His idea was to produce a very slender column 50m high that would move “interestingly” in even the lightest of airs. The structure was to have an array of high intensity lights at the top, forming either words or interesting flashing sequences at the top and was to be positioned on the Riverside development at Canary Wharf, London.
It is one thing to produce a freestanding mast 50 m high. It is a more interesting challenge to make it move as much as possible in light winds while ensuring that it will survive the gusting winds generated between the tall buildings that make up the Canary Wharf and Riverside developments.
Generating the maximum movement at low wind speeds requires low bending stiffness for the mast. Slender flexible masts can fail by buckling under their own weight even without any wind loads. The aim of our design was to generate the maximum wind movement by designing the mast to be close to buckling, while maintaining the minimum acceptable safety margins on buckling.
Surviving High Winds
Designing the mast to survive high winds required a different strategy. The high flexibility of the mast is a positive advantage in this case since the drag loads cause the top of the mast to bend over a considerable distance and trail off downwind, just like a blade of grass in the wind.

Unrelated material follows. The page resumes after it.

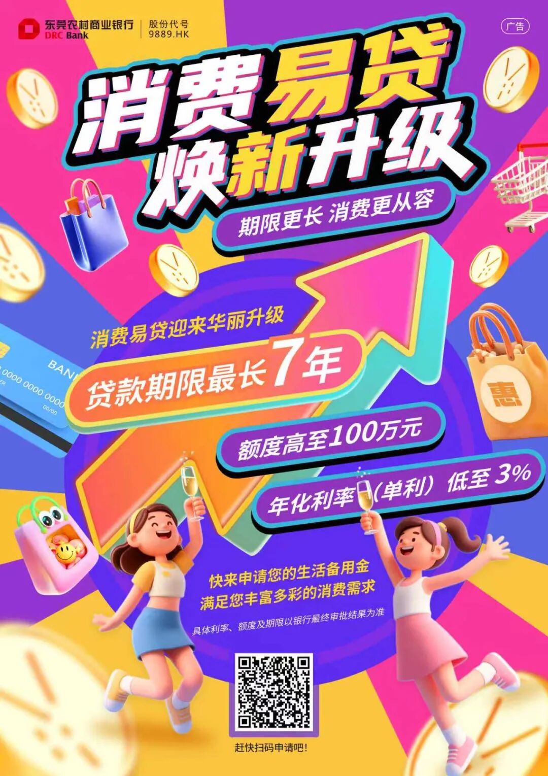 ◎准入条件:具年龄在25周岁到55周岁(含)、工作关系及常住地在东莞,具有稳定收入且信用记录良好、工作及收入稳定的客户

It is the reduction in effective height and frontal area that keeps the maximum bending loads low. This is one situation where adding more material would stiffen the mast, increase the bending loads and, probably, result in the strength margins on the mast being reduced.
Various studies were undertaken at a preliminary stage to check the feasibility of the design ideas. What we were trying to achieve was a balance between the selfweight of the mast, the amount of drag generated in light/ heavy airs and the stiffness and strength of the mast.

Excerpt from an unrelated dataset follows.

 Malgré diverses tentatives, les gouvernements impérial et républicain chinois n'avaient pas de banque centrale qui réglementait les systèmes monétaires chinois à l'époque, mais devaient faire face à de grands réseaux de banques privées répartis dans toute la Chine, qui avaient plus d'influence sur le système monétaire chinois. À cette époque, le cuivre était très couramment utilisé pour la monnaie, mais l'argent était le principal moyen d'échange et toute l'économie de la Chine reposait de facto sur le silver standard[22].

Very careful tailoring of the laminate stiffness, through material type and orientation, coupled with optimisation of the geometry, in conjunction with the designer, was therefore required.

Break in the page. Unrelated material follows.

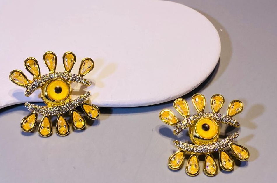 Серьги-пусеты жёлтый глаз с каплями в стиле Schiaparelli цвет матовое золото

This led to a design with a base diameter of 400 mm and a top diameter of 80 mm with an approximately linear taper over the height. The materials selected were glass and epoxy with some UD carbon tapes used to ëtuneí the final design.
Aerodynamic Effects
As the aerodynamic effects of the wind on these types of structures are not well documented, a review of the basic wind calculations was undertaken by BMT (formerly National Physical Laboratory, Teddington) to provide increased confidence in the basic design. Composite construction in this particular application offers some considerable advantages over the use of metal, firstly in providing a laminate with high allowable strains, and secondly in allowing the fatigue life of the component to be maintained whilst achieving large deflections. As part of the assurance system the laminate incorporates fibre optic sensors which allow the strain in the mast to be monitored during or after a storm.
Mast Anchorage System
The mast is anchored to the ground by twelve bolts fitted though tubes which are bonded around the base of the mast. These bolts are anchored into a hinged steel plate, which allows the mast to be lowered for maintenance if required. The complete anchoring system is fitted below pavement level to provide the impression that the Windwand sprouts directly from the earth.
Analysis of the mast shows that the tip moves as much as 4 m off upright in 11 mph winds and in storm conditions the mast tip will trail downwind as much as 26 m. The extreme flexibility of the mast was evident during its installation. When the mast was lifted at its centre of gravity, approximately 15 m. from the base, the tip did not leave the ground until the C of G had been lifted over 9 metres.
The mast was installed at Westferry Circus in the Canary Wharf development in mid December 1999 and has already experienced several periods of high winds. The architects Ron Arad and his associate Barnaby Gunning have both expressed their satisfaction that the movement of the mast has amply fulfilled their “interesting” criteria.